Марийка понимала, что нужно найти удобный предлог, чтобы отказаться, такую услугу она не хотела взваливать на себя. Он прочитал ответ в ее взгляде.

— Я компенсирую вам ваши усилия гораздо больше, чем это принято, Марийка. Я заплачу вам гораздо больше, чем по нашему договору, если вы это сделаете для нас, даже если у вас что-то не сразу получится. Нам нужен иной социальный статус.

— Но для чего? Вас и так уважают. Неужели вам этого мало? Это что — тщеславие? Никогда не думала, что вы этим страдаете. Зачем?

— Проще говоря, нас обижает, ранит, что наши усилия, желание помочь, стремление что-то сделать игнорируется обществом, нас просто не хотят замечать.

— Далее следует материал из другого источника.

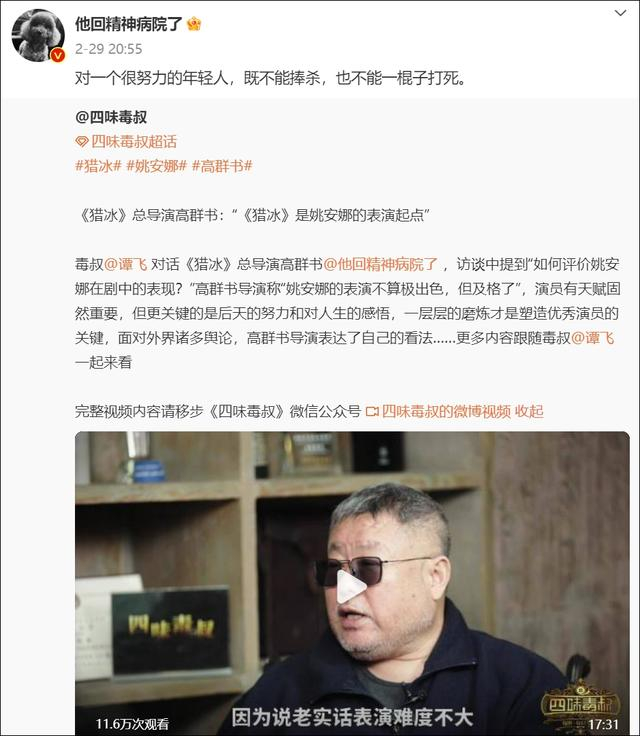 2月29日,《猎冰》总导演高群书(@他回精神病院了 )转发一条与@四味毒叔 对谈的视频,并评论姚安娜在《猎冰》中的表现:“对一个很努力的年轻人,既不能捧杀,也不能一棍子打死。”

— Те, о ком вы говорите, не есть общество. Это завсегдатаи кафе и ресторанов, которые собираются вместе, чтобы обменяться сплетнями и покрасоваться друг перед другом драгоценностями и нарядами. Это компания нуворишей, которые появляются и исчезают бесследно.

— Для нас это и есть реальное общество, свет. Ваше происхождение, например, дает вам пропуск туда. В нашем кругу человек оценивается размером его капитала, и в ваших глазах я тоже нувориш, отличающийся от других лишь количеством денег. Я же мог бы скупить половину недвижимости в этом городе, если бы захотел. Вы всех знаете и могли бы нас выгодно представить. К вашей рекомендации прислушаются при выборах новых членов в общественный совет. А мы уж постараемся быть на высоте. Вы не пожалеете, если дадите нам рекомендацию.

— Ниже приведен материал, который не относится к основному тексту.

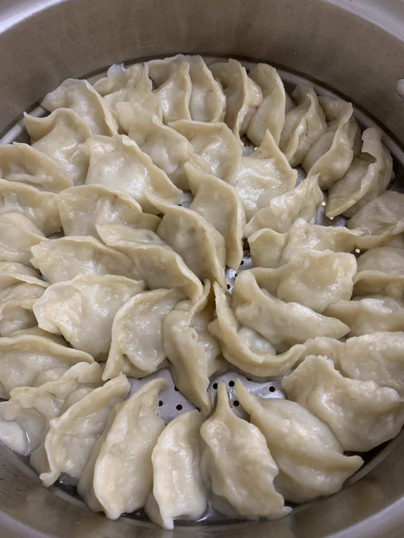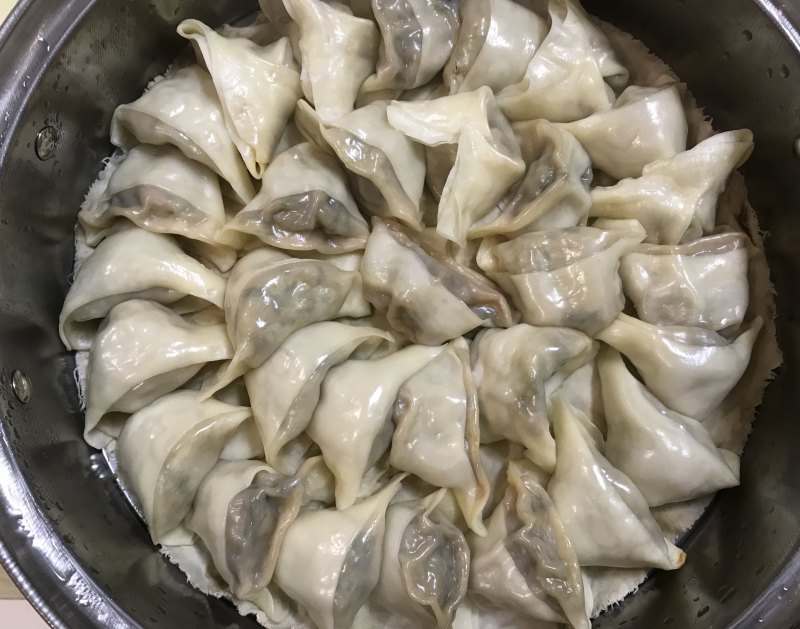 8:我是凉水把篦子摆进锅里,水开后大火蒸了8分,然后焖了有10分钟。(我这个蒸的是我们当地叫菜饺子,顾名思义就是菜比较多,肉少自然就不要蒸很久,肉多的话需要延长点蒸制时间)

Она смотрела на его загорелое лицо, лишившееся вдруг обычного самоуверенного выражения. Он стал лидером в мебельной индустрии, свободно распоряжался огромными кредитами и иностранными инвестициями, и при этом страдал уязвленным самолюбием, он был раним. "Вот где его слабое место", — отметила про себя Марийка. Он страстно хочет войти в число пустоголовых прожигателей жизни, вечно позирующих перед фотокамерами. Кое-кто из них богат настолько, чтобы поддерживать в себе интерес публики, используя опыт пресс-агентов.

— Сидни, люди, общения с которыми вы так жаждете, не входят в круг моих друзей. Я не пользуюсь у них никаким влиянием. У меня нет ни времени, ни желания прожигать с ними жизнь.

— Не будьте столь категоричны, это не ваш стиль.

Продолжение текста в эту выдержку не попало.